THE UNWETTABLE BED

  

In one corner of a room to my left is a square bed with a white bedspread.  I am a small boy.  I have to pee.  My father says to go to the bathroom but I go over and pee on the bed frame.  My father tells me to clean it up because somebody will want to sleep in it later.  I ignore him and look closely at the bed.  I notice that the pee is miraculously running off the frame and not a drop is touching the bed or the floor.  It runs along the bed frame and flows across the space between the bed and the wall without any support and then exits the room through a small hole in the wall.
 
 

COMMENTS

 

Dreams are only as good as our ability to understand them.  And our ‘understanding’ is often little more that a projection of our beliefs and opinions.  It would be easy to interpret this dream on a Freudian psychological level, to see it as an authority problem that developed in childhood.  But why would a dream that happened twelve years ago when I was fifty and an authority in my own right try to teach me about my problems with authority, problems that I got over twenty years before.  Perhaps it could be considered a meaningless psychic remnant breaking into consciousness, an old tendency shaken loose from the bottom of my subconscious like a bubble trapped in the mud of a pond breaking on the surface.  But I think not. 

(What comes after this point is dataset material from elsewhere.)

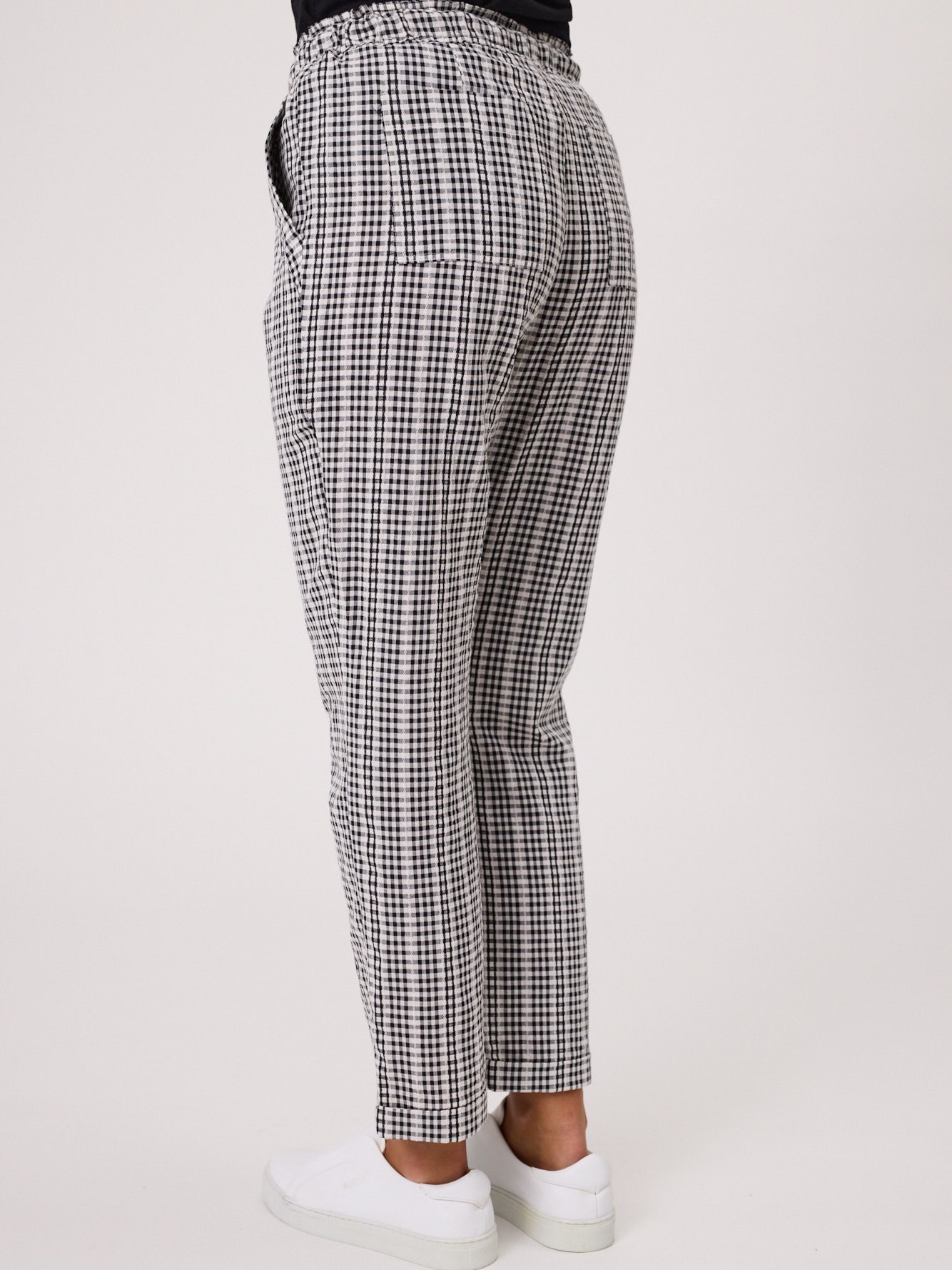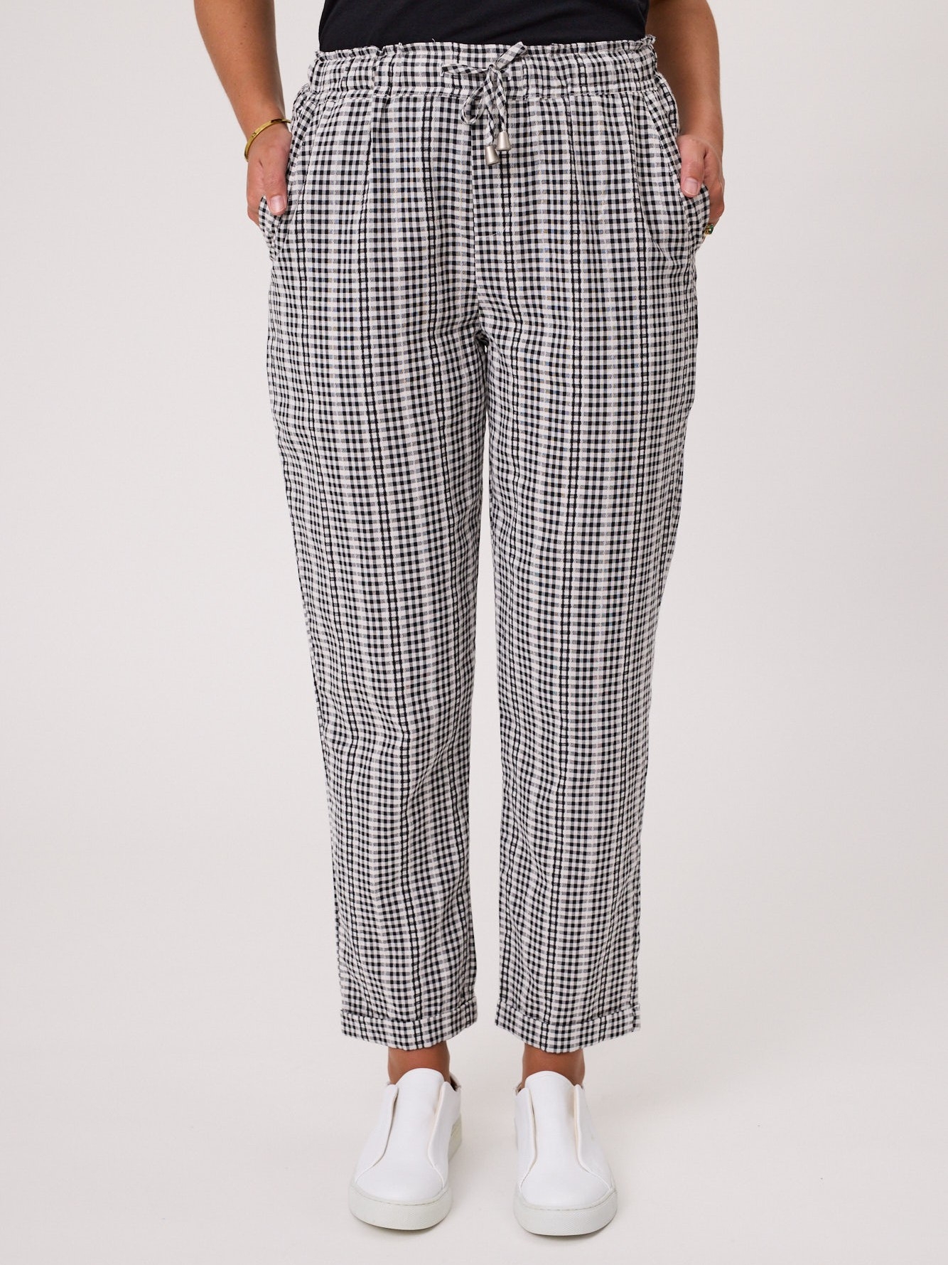 The elasticated waist with drawstring ensures a flexible, adjustable fit, while the side pockets provide practical storage without sacrificing style. Finished with a turn-up hem, these pants add a contemporary touch to a timeless check pattern, making them perfect for both relaxed and dressed-up looks.

Dreams tend to address issues that the soul is dealing with in the present.  And the obsession of my life for much of my adult life has been the purification of my mind.  So I believe this dream is not talking about a psychological problem but is using a psychic remnant to illustrate a spiritual fact.  And that fact is: nothing can contaminate you.  You are inviolate.       

 
How do I come to this interpretation?  The bed is square.  Squares are common Self symbols because, like circles, they are complete in themselves.  The white bedspread probably symbolizes a pure mind.  The bed and the bedspread are resting on the bed frame which I take to be the Self.  When the mind rests in/on the Self it becomes stable and pure.  White is a common symbol of purity. My father represents reason and traditional views, my conditioning.  From this perspective one would naturally think that urinating on a bed would cause the bed to be contaminated. The pee can be taken to represent any negative psychological state. 
 
The dream has the dream ego, the youthful me, ignore conventional wisdom and relieve itself of its impurities.  Many impurities are picked up in childhood when we are self ignorant, so the child is a fitting symbol here.  The voice of reason and authority intervenes and asks the child to clean up his messy mind.  But the dream has the child again ignore the advice and do something quite extraordinary; it has the child investigate to see whether or not the bed and the frame are actually contaminated.  And what does it discover?  It discovers that the Self cannot be contaminated!  The ‘frame’ is the only symbol left to be decoded.  Just a bed is supported by a frame the mind/body/ego is supported by the Self.  There is an important Sanskrit word describing the Self as ‘adisthanam.’  It means ‘the support.’  Without the Self nothing would exist.  It supports everything but nothing supports it. Therefore psychological work will not purify the Self and since the Self is everything that is and I am that Self I am free not to change myself.   What good would it do?